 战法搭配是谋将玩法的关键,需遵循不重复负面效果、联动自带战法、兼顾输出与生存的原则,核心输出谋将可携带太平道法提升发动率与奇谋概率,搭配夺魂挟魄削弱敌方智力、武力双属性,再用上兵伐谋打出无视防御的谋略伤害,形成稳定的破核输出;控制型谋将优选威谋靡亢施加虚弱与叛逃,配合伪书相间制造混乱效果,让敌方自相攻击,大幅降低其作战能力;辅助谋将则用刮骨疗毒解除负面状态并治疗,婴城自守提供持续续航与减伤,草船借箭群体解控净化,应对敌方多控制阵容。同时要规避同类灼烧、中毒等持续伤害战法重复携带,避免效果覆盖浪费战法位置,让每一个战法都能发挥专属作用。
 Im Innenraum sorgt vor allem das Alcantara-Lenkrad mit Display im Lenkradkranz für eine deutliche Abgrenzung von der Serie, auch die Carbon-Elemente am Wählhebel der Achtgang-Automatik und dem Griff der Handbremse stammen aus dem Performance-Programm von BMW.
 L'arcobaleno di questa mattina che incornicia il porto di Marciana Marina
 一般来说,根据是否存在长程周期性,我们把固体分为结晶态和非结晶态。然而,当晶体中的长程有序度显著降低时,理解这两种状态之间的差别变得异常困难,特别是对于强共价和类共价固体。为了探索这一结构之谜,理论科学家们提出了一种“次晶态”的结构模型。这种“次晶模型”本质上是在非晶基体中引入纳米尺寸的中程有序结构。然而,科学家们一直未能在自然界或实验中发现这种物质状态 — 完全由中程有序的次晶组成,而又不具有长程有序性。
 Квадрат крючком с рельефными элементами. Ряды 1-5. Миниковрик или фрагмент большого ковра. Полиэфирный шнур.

--------

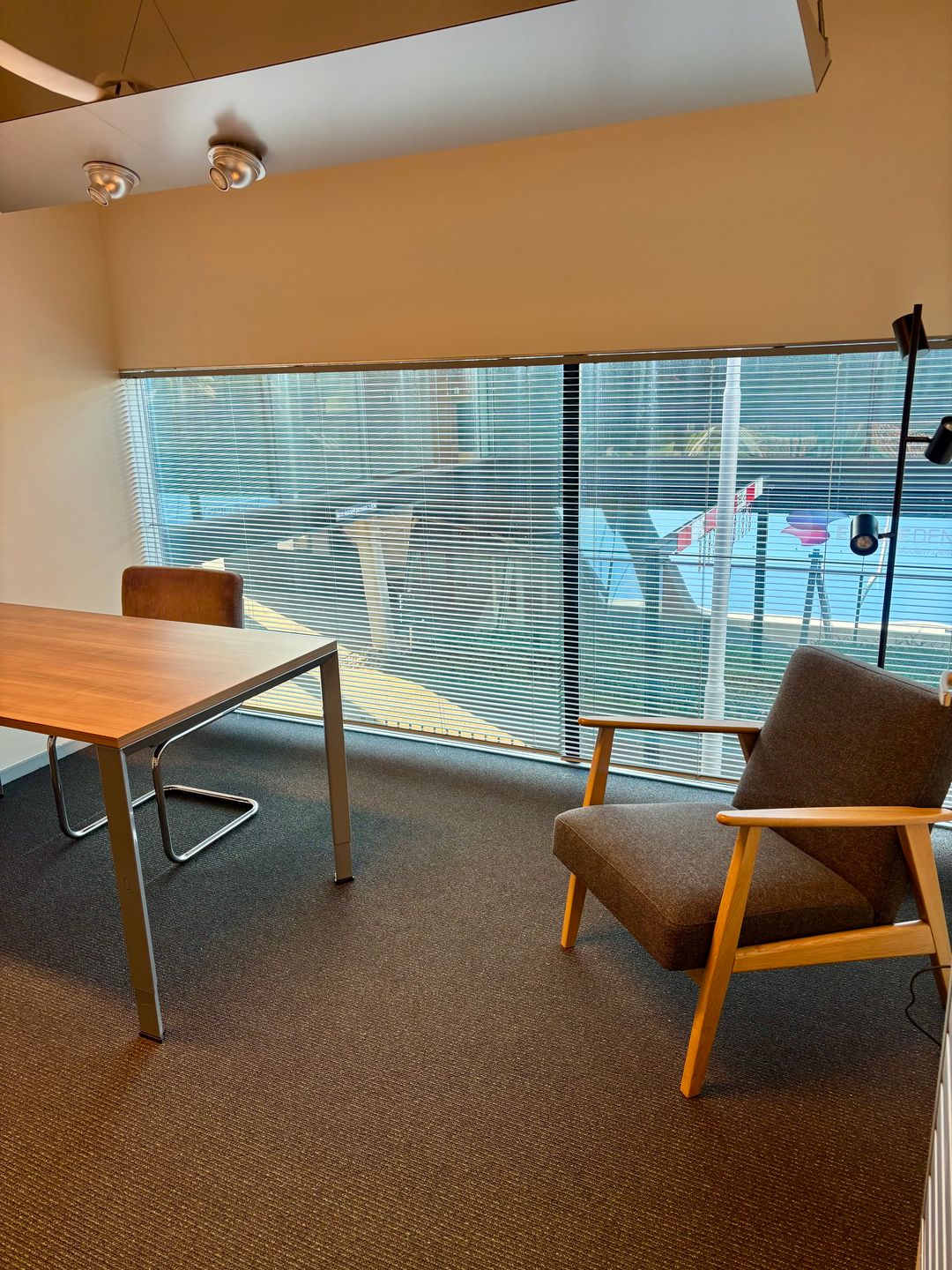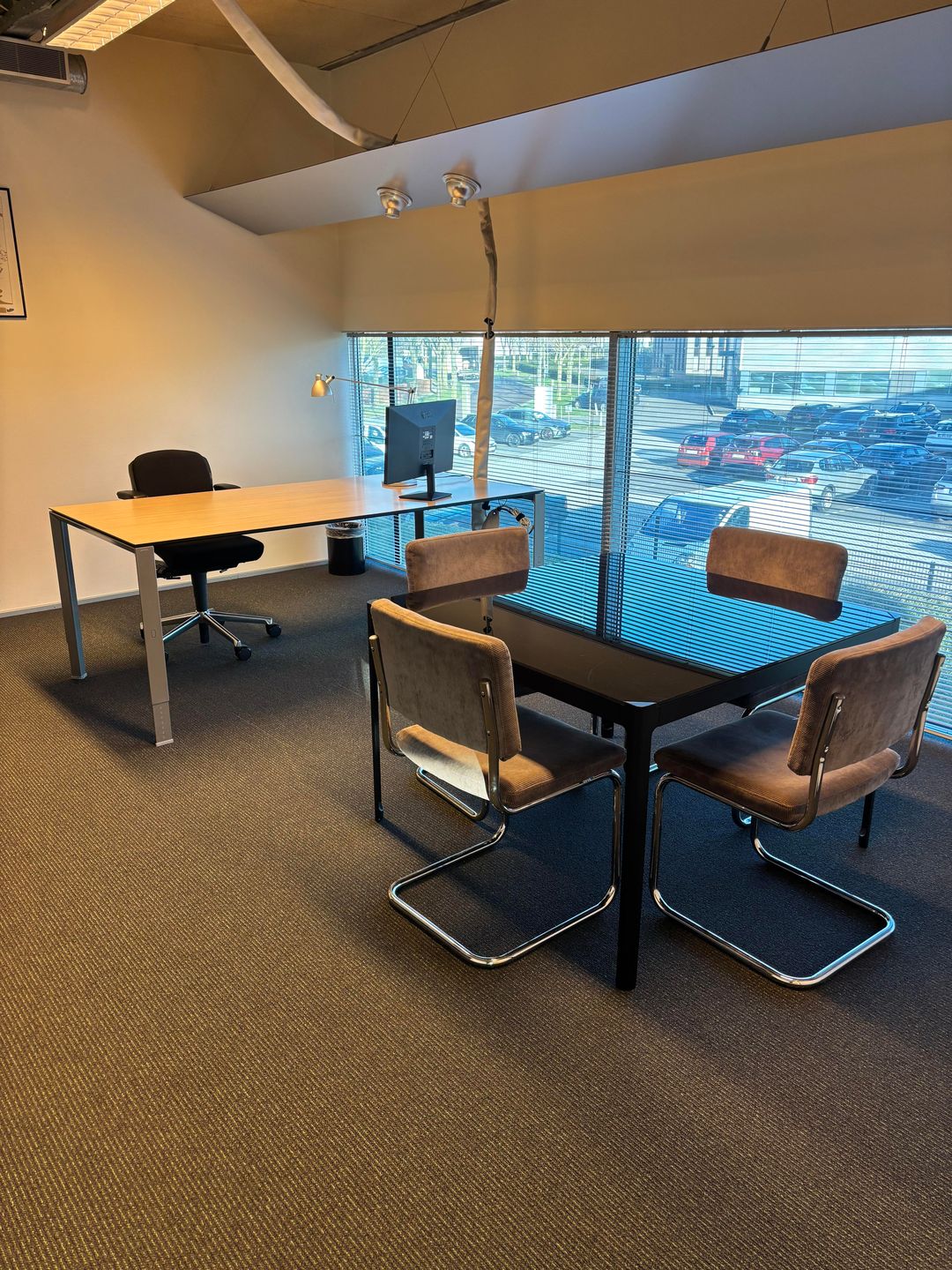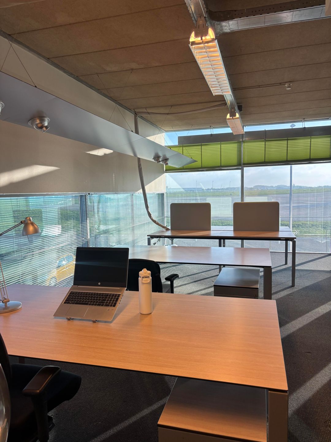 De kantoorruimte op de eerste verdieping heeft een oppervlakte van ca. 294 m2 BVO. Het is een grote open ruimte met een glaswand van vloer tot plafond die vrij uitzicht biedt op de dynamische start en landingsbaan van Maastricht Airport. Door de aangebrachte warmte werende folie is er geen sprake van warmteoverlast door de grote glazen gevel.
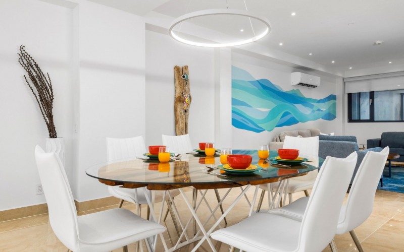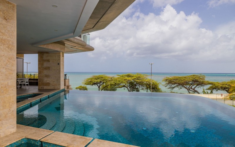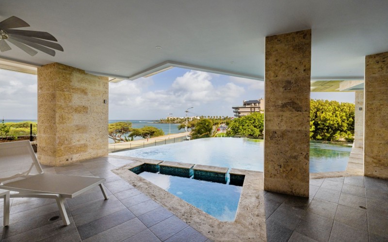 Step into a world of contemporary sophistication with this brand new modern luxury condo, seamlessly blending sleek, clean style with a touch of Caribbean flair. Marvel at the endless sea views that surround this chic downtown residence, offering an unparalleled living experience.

--------

# The problem:
Return only the stretch above from the line containing "De kantoorruimte op" through the line containing "Step into a", word for word and without pictures.

# Output of the task:
 De kantoorruimte op de eerste verdieping heeft een oppervlakte van ca. 294 m2 BVO. Het is een grote open ruimte met een glaswand van vloer tot plafond die vrij uitzicht biedt op de dynamische start en landingsbaan van Maastricht Airport. Door de aangebrachte warmte werende folie is er geen sprake van warmteoverlast door de grote glazen gevel.
 Step into a world of contemporary sophistication with this brand new modern luxury condo, seamlessly blending sleek, clean style with a touch of Caribbean flair. Marvel at the endless sea views that surround this chic downtown residence, offering an unparalleled living experience.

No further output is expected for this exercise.